Come spring, I'm going to stock the pond with brown trout; adding a new protein source to our diet here and expanding our menu offerings at the Coyote Cafe (opening June 1st!). The Coyote Cafe has been a dream of mine for years. It started as an idea for a coffee kiosk deep in the woods that would be an oasis for me, or anyone wandering around in the back 60 acres. 


As we began feeding more and more workers and visitors here at Worlds End, the Coyote Cafe transformed into an idea for a full restaurant that would serve to feed those of us working here and also feed visitors.

Feeding people is an easy way for them to get to know us and what we do here.


My days here this winter are bookended by these chores in the sheep field and chicken coop. In between I work on plans for the Coyote Cafe. I design the kitchen and the tables, I think about the linens and the dishes. I write menu ideas. I'm so excited it makes me smile to type this to you.

In a few weeks I'm launching a new website that will let people to sign up for tours of Worlds End. The tour includes lunch at the Coyote Cafe with our staff. Probably lots of days no one will show up and it will just be us, our apprentices and occasionally, artists in residence. But somedays I like to think one or two families will show up, or a group of 6 friends on their way through the Mohawk Valley enjoying a weekend away from the city. Maybe people like you who want to walk through the flower fields, pet dogs and see this place in person.

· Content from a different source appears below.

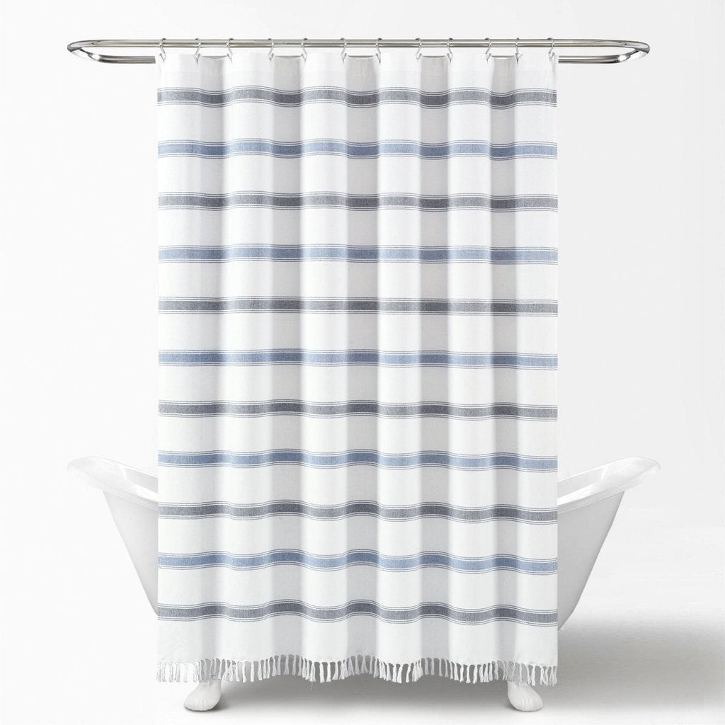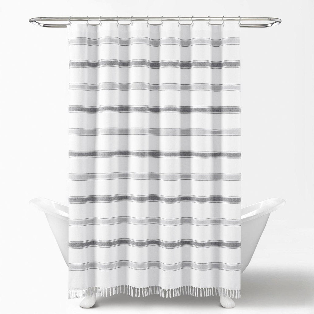 This Stripe Woven Textured Yarn Dyed Recycled Cotton Shower Curtain made with eco-friendly recycled cotton features a classic stripe design and fits in almost any bathroom setting. The tassel fringe detailing adds a stylish, unique charm to accent the traditional horizontal stripes.

Coyotes eat everything, did you know that? Small rodents and rabbits mostly, snakes, frogs, fish. Occasionally a large animal if they're hunting in a pack. They also eat fruit, and grass in summer and fall. They are highly adaptable opportunists. They mate for life - isn't it funny that we love to know when animals do that - and the males raise litters of pups together with the females; they co-parent.
They live here with us, roaming around the woods at night; our shadows on the periphery.